▶ **Instructions to follow**:
Once the line containing "Sushi Roll - Maki" is found in the records below, return it and each following line exactly, up to and including the line containing "29日下午上泰山,逛夕阳下繁", and nothing else.

▶ **Supplied information**:

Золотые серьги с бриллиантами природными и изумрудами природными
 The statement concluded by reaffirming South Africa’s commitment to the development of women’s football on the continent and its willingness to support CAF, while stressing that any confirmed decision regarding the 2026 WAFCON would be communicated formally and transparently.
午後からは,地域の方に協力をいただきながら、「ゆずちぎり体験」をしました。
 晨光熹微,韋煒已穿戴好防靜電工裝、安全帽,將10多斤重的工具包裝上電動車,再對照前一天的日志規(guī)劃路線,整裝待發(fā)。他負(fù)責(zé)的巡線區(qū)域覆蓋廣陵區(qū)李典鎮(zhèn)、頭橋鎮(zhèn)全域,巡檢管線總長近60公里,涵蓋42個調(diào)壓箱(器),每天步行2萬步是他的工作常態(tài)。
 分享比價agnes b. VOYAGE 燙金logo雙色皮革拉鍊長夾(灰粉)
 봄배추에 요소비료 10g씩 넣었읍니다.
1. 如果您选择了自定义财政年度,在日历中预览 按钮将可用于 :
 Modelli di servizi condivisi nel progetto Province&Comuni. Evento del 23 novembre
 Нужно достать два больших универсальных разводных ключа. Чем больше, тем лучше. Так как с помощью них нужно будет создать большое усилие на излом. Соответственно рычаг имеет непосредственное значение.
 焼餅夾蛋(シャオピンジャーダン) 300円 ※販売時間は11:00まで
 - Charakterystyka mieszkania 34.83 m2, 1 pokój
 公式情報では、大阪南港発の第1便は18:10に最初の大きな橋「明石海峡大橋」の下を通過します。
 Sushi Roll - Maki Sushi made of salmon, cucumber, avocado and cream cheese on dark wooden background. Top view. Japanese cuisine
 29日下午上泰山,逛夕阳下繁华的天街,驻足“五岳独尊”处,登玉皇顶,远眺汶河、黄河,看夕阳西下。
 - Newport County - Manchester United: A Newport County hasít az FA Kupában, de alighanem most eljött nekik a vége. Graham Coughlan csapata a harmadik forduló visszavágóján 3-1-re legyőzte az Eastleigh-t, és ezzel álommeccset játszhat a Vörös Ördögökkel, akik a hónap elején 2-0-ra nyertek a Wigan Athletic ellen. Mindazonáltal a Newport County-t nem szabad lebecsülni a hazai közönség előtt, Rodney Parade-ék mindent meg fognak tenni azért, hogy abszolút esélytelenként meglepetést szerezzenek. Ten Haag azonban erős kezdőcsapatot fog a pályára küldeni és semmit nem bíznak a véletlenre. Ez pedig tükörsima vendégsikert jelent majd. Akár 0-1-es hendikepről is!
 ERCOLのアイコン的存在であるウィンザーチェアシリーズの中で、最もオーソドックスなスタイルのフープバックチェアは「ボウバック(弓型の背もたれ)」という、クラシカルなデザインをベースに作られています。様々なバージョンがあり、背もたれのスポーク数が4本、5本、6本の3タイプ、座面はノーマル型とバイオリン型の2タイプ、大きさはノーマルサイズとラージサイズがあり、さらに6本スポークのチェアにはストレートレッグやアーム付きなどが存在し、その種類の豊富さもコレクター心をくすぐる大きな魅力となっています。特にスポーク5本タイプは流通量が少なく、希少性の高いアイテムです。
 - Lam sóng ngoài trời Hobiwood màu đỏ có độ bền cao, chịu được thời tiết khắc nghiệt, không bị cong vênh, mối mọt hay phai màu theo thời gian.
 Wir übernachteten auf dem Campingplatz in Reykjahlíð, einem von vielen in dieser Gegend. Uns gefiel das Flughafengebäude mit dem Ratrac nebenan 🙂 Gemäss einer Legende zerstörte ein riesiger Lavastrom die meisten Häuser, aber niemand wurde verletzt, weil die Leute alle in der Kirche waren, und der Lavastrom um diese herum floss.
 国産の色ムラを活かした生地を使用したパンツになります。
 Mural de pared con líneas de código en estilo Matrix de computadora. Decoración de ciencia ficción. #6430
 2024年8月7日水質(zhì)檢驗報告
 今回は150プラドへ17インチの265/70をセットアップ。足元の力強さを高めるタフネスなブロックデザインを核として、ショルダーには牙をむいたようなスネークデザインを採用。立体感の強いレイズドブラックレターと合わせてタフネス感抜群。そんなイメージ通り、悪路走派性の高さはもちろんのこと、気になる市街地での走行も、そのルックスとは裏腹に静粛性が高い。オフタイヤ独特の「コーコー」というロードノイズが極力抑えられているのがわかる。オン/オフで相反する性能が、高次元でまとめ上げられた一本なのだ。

▶ **Solution to this problem**:
 Sushi Roll - Maki Sushi made of salmon, cucumber, avocado and cream cheese on dark wooden background. Top view. Japanese cuisine
 29日下午上泰山,逛夕阳下繁华的天街,驻足“五岳独尊”处,登玉皇顶,远眺汶河、黄河,看夕阳西下。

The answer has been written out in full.